NEWARK, Del., October 30, 2007—The University of Delaware subjects students in its residence halls to a shocking program of ideological reeducation that is referred to in the university’s own materials as a “treatment” for students’ incorrect attitudes and beliefs. The Orwellian program requires the approximately 7,000 students in Delaware’s residence halls to adopt highly specific university-approved views on issues ranging from politics to race, sexuality, sociology, moral philosophy, and environmentalism. The Foundation for Individual Rights in Education (FIRE) is calling for the total dismantling of the program, which is a flagrant violation of students’ rights to freedom of conscience and freedom from compelled speech.

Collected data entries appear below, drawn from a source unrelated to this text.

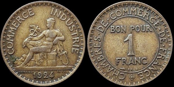 Emitida luego de la Primera Guerra Mundial a nombre de la Cámara de Comercio de Francia ante la falta de circulante. Es por ello que las inscripciones dicen “BON POUR 1 FRANC”, es decir “Bueno por 1 Franco”.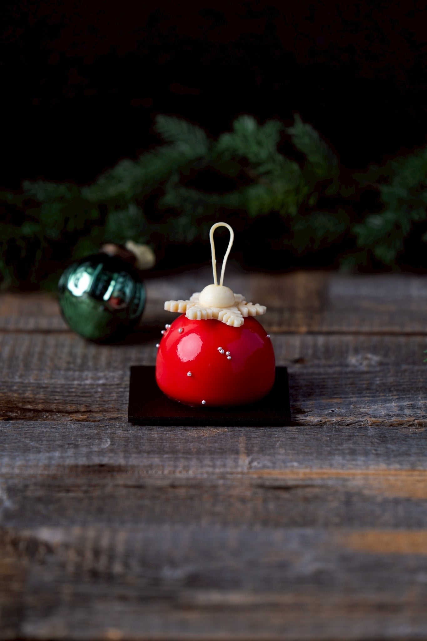 クリスマスの主役にふさわしい、鮮やかな深紅のケーキ。フランボワーズ香るジェノワーズショコラに、シャンティーショコラとフランボワーズクリームをサンドしました。濃厚なショコラと甘酸っぱいフランボワーズの、甘美な味わいをお愉しみいただけます。
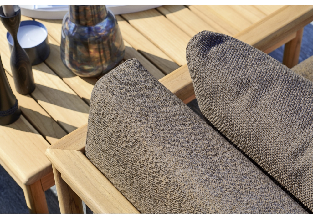 Bali firmato da Alessandro Dubini per Varaschin è un divano con struttura portante a vista in legno massello di teak di piantagione certificata. Sedute e schienali imbottiti con gomme Dryfeel da esterno. Disponibile in due dimensioni e con rivestimento in differenti finiture.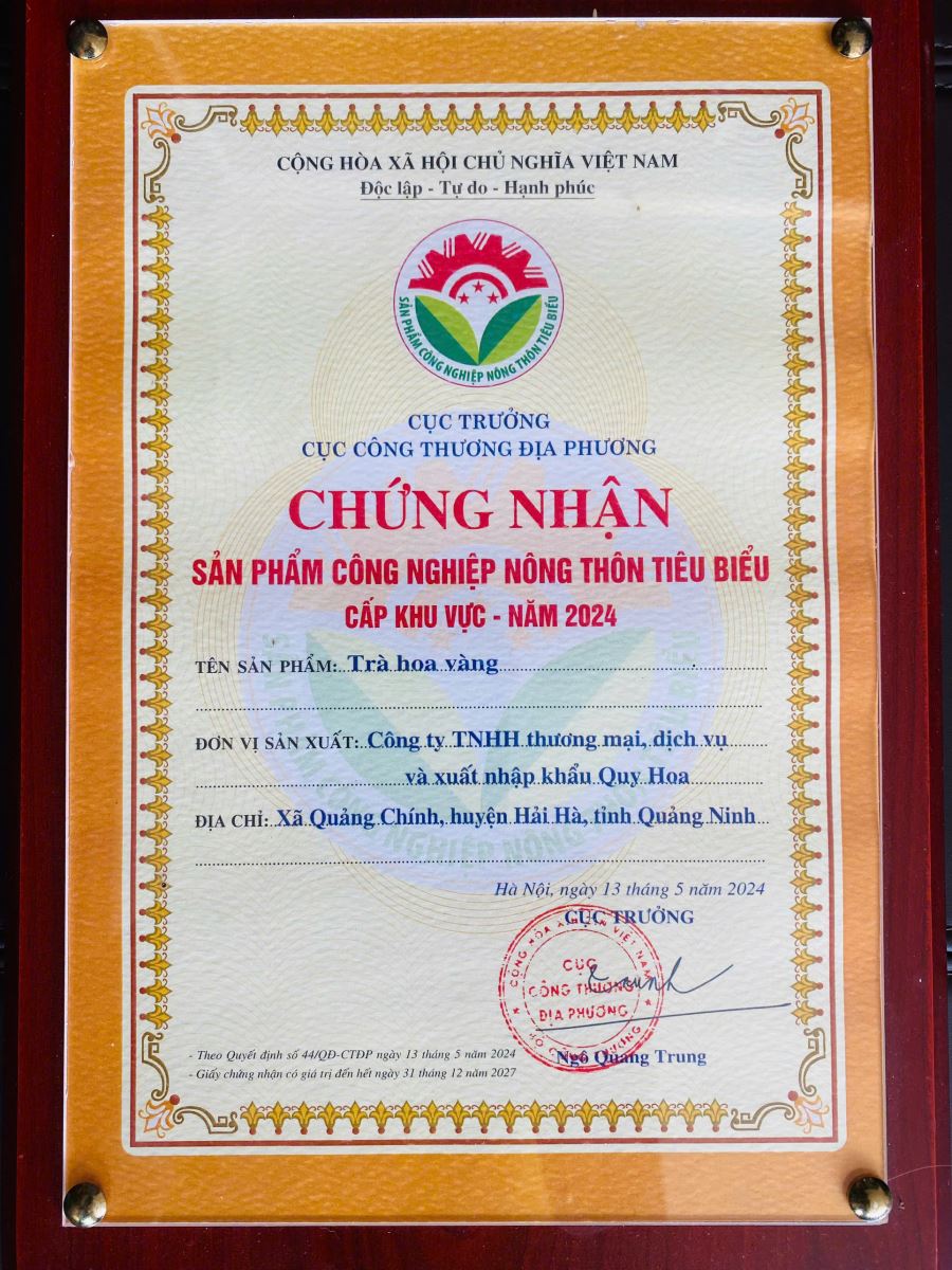 - Ông LÊ MẠNH QUY Tổng Giám Đốc Công ty Quy Hoa Trà, là người có công lưu giữ và phát triển vùng nguyên liệu Trà Hoa Vàng tại Hải Hà - Quảng Ninh. Ông cũng chính là chủ của thương hiệu Kim Hoa Trà nức tiếng tại Việt Nam với thương hiệu sản phẩm "Trà Hoa Vàng Quy Hoa"  đạt chuẩn chất lượng OCOP 5 Sao cấp Quốc Gia năm 2022.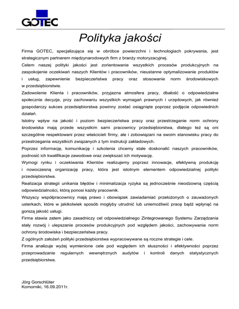 Polityka jakości Firma GOTEC, specjalizująca się w obróbce powierzchni i technologiach pokrywania, jest strategicznym partnerem międzynarodowych firm z branży motoryzacyjnej. Celem naszej polityki jakości jest zorientowanie wszystkich procesów produkcyjnych na zaspokojenie oczekiwań naszych Klientów i pracowników, nieustanne optymalizowanie produktów i usług, zapewnienie bezpieczeństwa pracy oraz stosowanie norm środowiskowych w przedsiębiorstwie. Zadowolenie Klienta i pracowników, przyjazna atmosfera pracy, dbałość o odpowiedzialne społecznie decyzje, przy zachowaniu wszystkich wymagań prawnych i urzędowych, jak również gospodarczy sukces przedsiębiorstwa powinny zostać osiągnięte poprzez podjęcie odpowiednich działań. Istotny wpływ na jakość i poziom bezpieczeństwa pracy oraz przestrzeganie norm ochrony środowiska mają przede wszystkim sami pracownicy przedsiębiorstwa, dlatego też są oni szczególnie respektowani przez właścicieli firmy, ale i zobowiązani na swoim stanowisku pracy do przestrzegania wszystkich związanych z tym instrukcji zakładowych. Poprzez informację, komunikację i szkolenia chcemy stale doskonalić naszych pracowników, podnosić ich kwalifikacje zawodowe oraz zwiększać ich motywację. Wymogi rynku i oczekiwania Klientów realizujemy poprzez innowacje, efektywną produkcję i nowoczesną organizację pracy, która jest istotnym elementem odpowiedzialnej polityki przedsiębiorstwa. Realizacja strategii unikania błędów i minimalizacja ryzyka są jednocześnie nieodzowną częścią odpowiedzialności, którą ponosi każdy pracownik. Wszyscy współpracownicy mają prawo i obowiązek zawiadamiać przełożonych o zauważonych usterkach, które w jakikolwiek sposób mogłyby utrudnić lub uniemożliwić pracę bądź wpłynąć na gorszą jakość usługi. Firma stawia zatem jako zasadniczy cel odpowiedzialnego Zintegrowanego Systemu Zarządzania stały rozwój i ulepszanie procesów produkcyjnych pod względem jakości, zachowywania norm ochrony środowiska i bezpieczeństwa pracy. Z ogólnych założeń polityki przedsiębiorstwa wypracowywane są roczne strategie i cele. Firma analizuje wyżej wymienione cele pod względem ich słuszności i efektywności poprzez przeprowadzanie regularnych przedsiębiorstwa. Jörg Gorschlüter Komorniki, 16.09.2011r. wewnętrznych audytów i kontroli danych statystycznych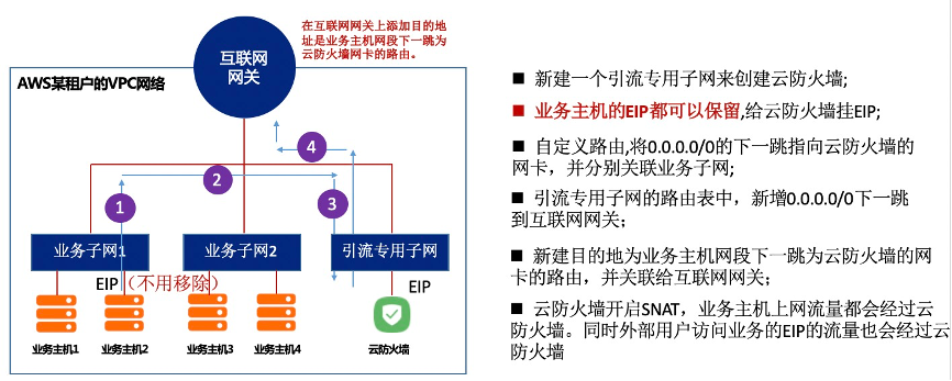 AWS引流相对其他云更灵活,无需将业务主机的EIP移除掉,即不用改变租户原来的网络架构。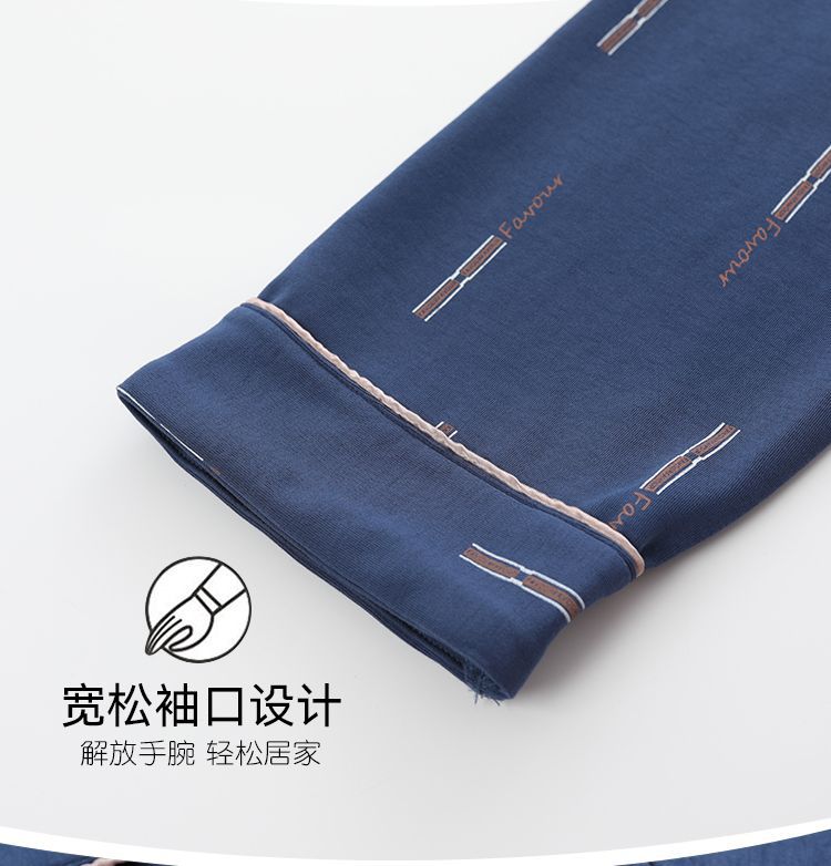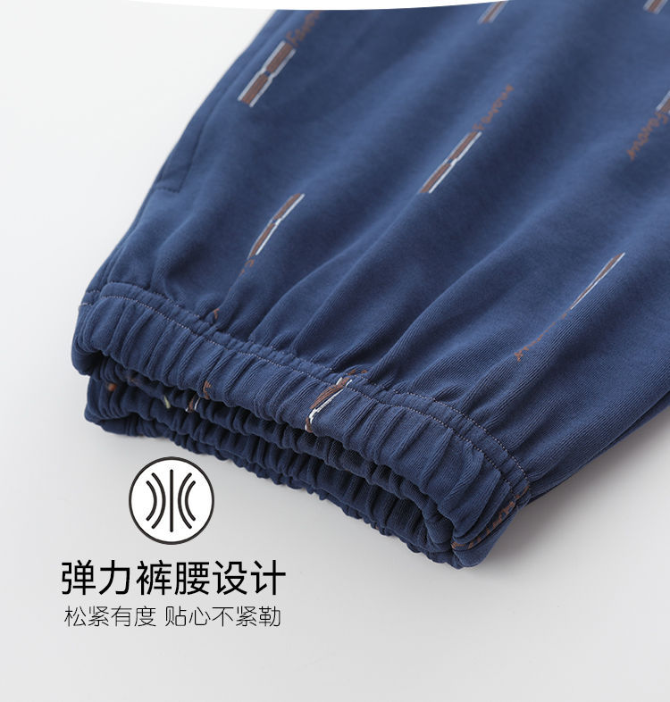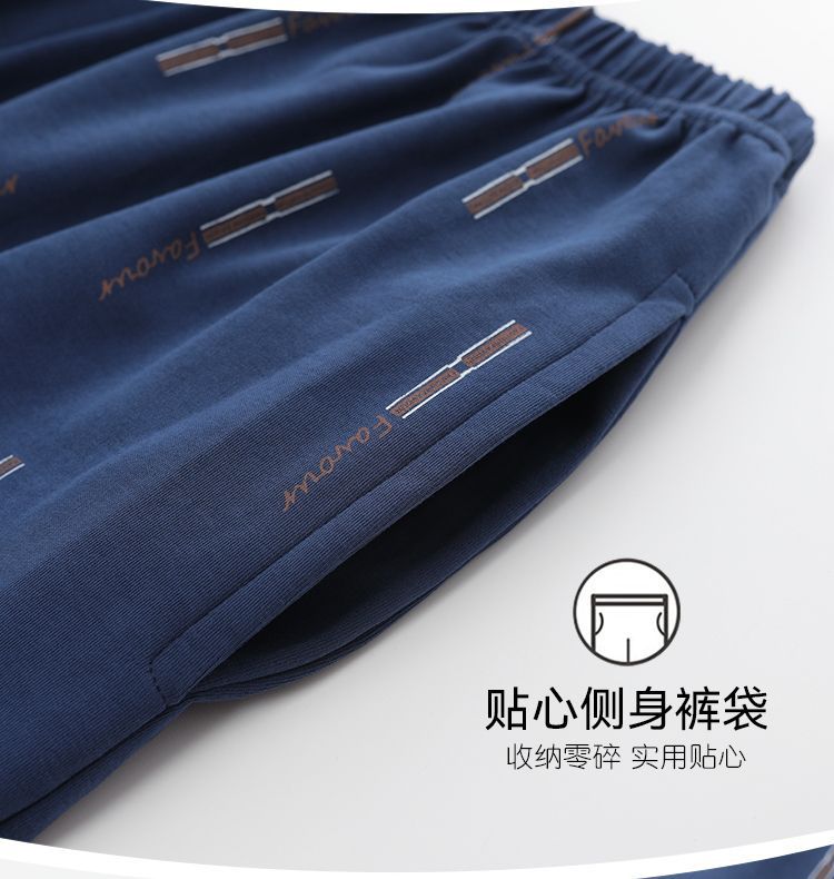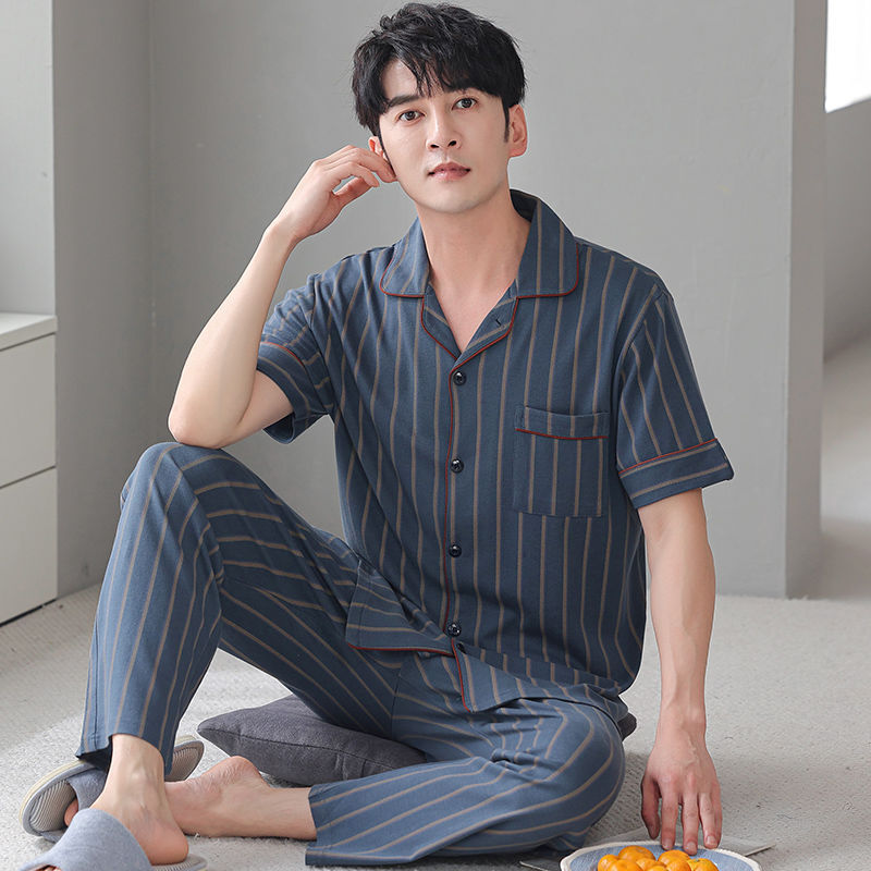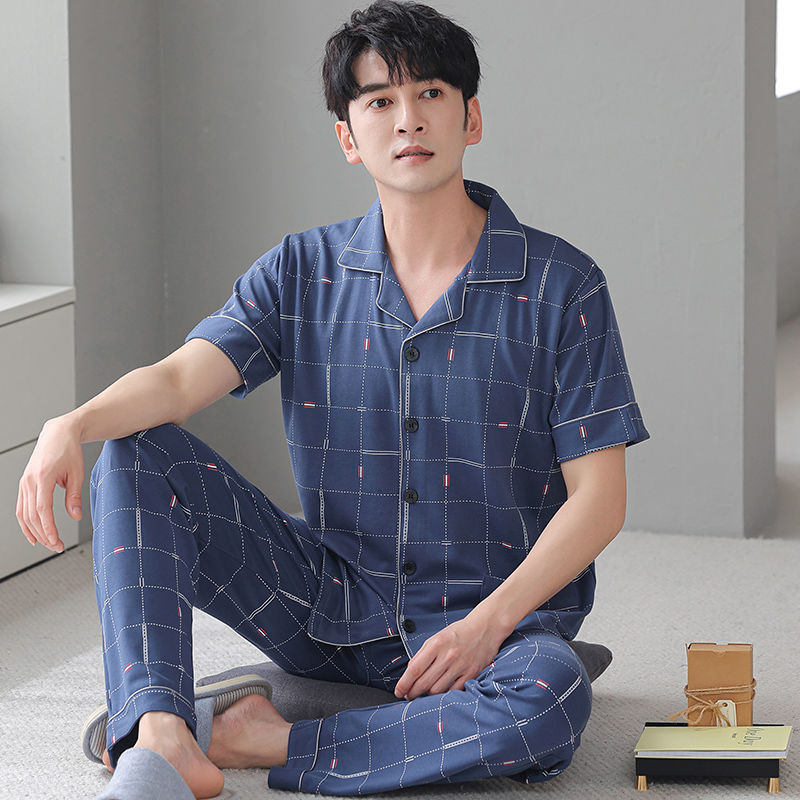 면 2024 새로운 남성 잠옷 여름 반팔 바지 봄과 가을 얇은 외부 착용 홈 옷

“The University of Delaware’s residence life education program is a grave intrusion into students’ private beliefs,” FIRE President Greg Lukianoff said. “The university has decided that it is not enough to expose its students to the values it considers important; instead, it must coerce its students into accepting those values as their own. At a public university like Delaware, this is both unconscionable and unconstitutional.”


The university’s views are forced on students through a comprehensive manipulation of the residence hall environment, from mandatory training sessions to “sustainability” door decorations. Students living in the university’s eight housing complexes are required to attend training sessions, floor meetings, and one-on-one meetings with their Resident Assistants (RAs). The RAs who facilitate these meetings have received their own intensive training from the university, including a “diversity facilitation training” session at which RAs were taught, among other things, that “[a] racist is one who is both privileged and socialized on the basis of race by a white supremacist (racist) system. The term applies to all white people (i.e., people of European descent) living in the United States, regardless of class, gender, religion, culture or sexuality.”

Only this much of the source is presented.